Rigorous privacy safeguards are also in place to protect the traveling public. All images generated by imaging technology are viewed in a walled-off location not visible to the public. The officer assisting the passenger never sees the image, and the officer viewing the image never interacts with the passenger. The imaging technology that we use cannot store, export, print or transmit images. Truth is, they leave nothing to doubt, and they are manufactured to not only store all images, but they have been storing images since day one! And those same images have been transferred to other systems. Nor should you be fooled by the fogged-up images they show you when the truth is they're crystal clear. Imagine the fun and cheap thrills the perverts who operate the machines have with children and teenagers! Yes, something that anyone else would be arrested for, and rightly so for possessing, they collect and save. I guess it's not kiddie porn when done by Big Sister, huh? Of course, if you don't like being radiated, or don't like posing for naughty pictures, you can choose for yourself and your children a quick molestation by some government pervert, and if you refuse the molestation, not only will you not be boarding the plane, but will explain same to the local cops, if not the FBI and Homeland Security goons. Not only child porn, but molestation of your children is demanded for traveling by air! Of course, this molestation is mostly to get you used to posing naked instead so that they can next install the machines at sporting events, concerts, shopping malls and schools, where it will be kiddie porn all the time!

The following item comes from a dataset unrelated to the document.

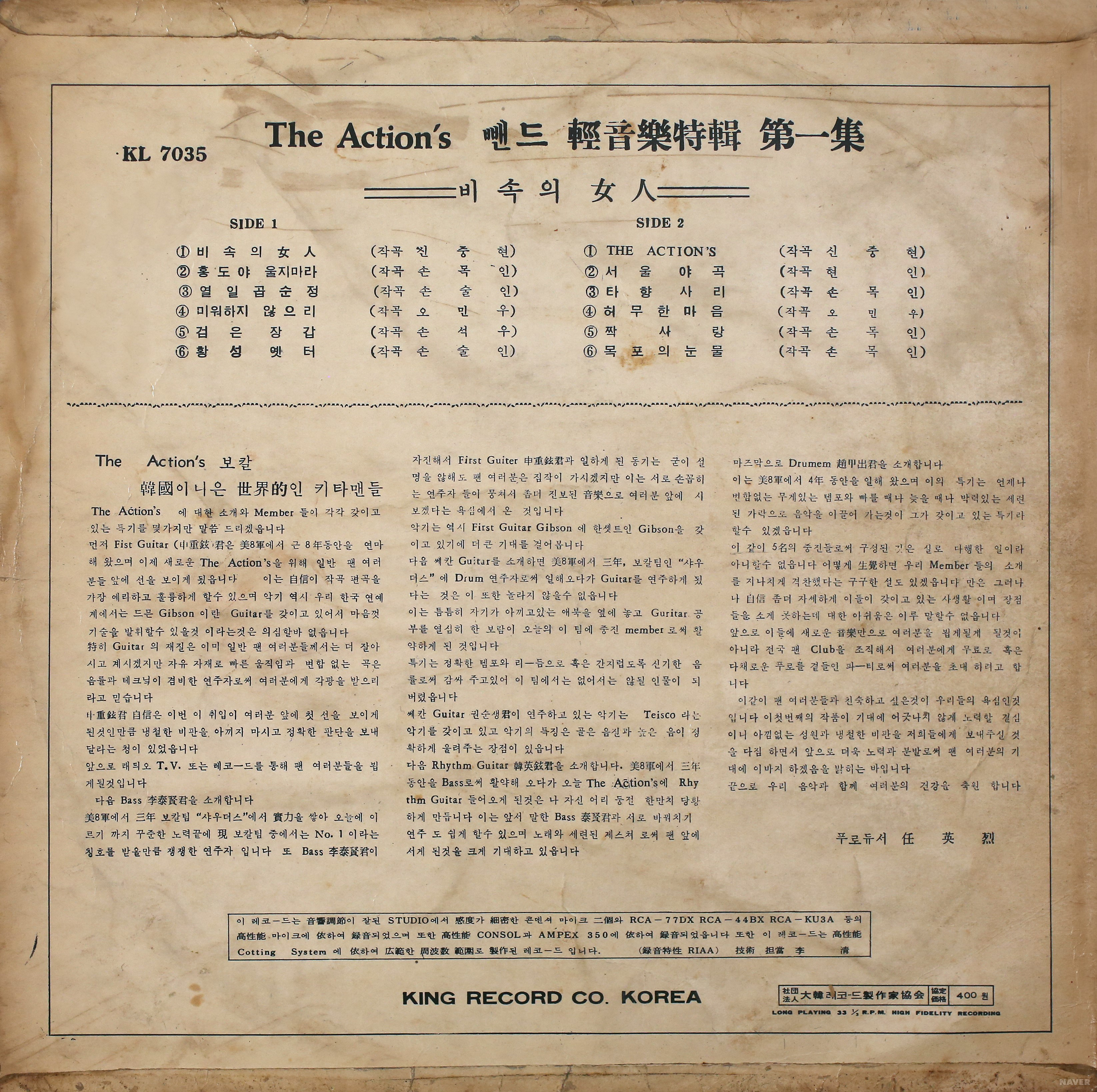 Below is the only known pressing of the only known album by The Actions.

There's an "op-out" planned for Wednesday, where everybody will choose to get molested which will mean that the airports will be backed up around the block as the molestation takes a lot longer than the photo-op as most people get squeamish while being molested by strangers. What has already happened is a growing number of folks choose simply not to fly, especially families with children, which adds to the recession/depression and raises the cost to fly. Janet thinks you'll be patriotic to go along with her plans to turn you into the cattle that you are, if you do! Still, I must admit, that if some hot babe wanted to stick her hands down my pants and pretend to search for a weapon for a while, that would be just alright with me! Not to mention that if someone wants to molest me, shouldn't I at least be taken out for dinner and a movie, first?
Be that as it may, it is my intent to get "Back in the Saddle" and do a radical news radio show on or about the first week in January, provided I can raise a few dollars for the cost of the program and a few articles I'll need to broadcast. Besides some kick ass jams and my mad, radical ramblings, we'll have interesting guests, some famous and some perhaps infamous as well as a chat room where you can hang out and listen, chat with one another and we'll take your questions and thoughts via the phone so everyone can be involved as much or as little as you like, and in case you missed the original broadcast, you'll be able to listen to it in the archives!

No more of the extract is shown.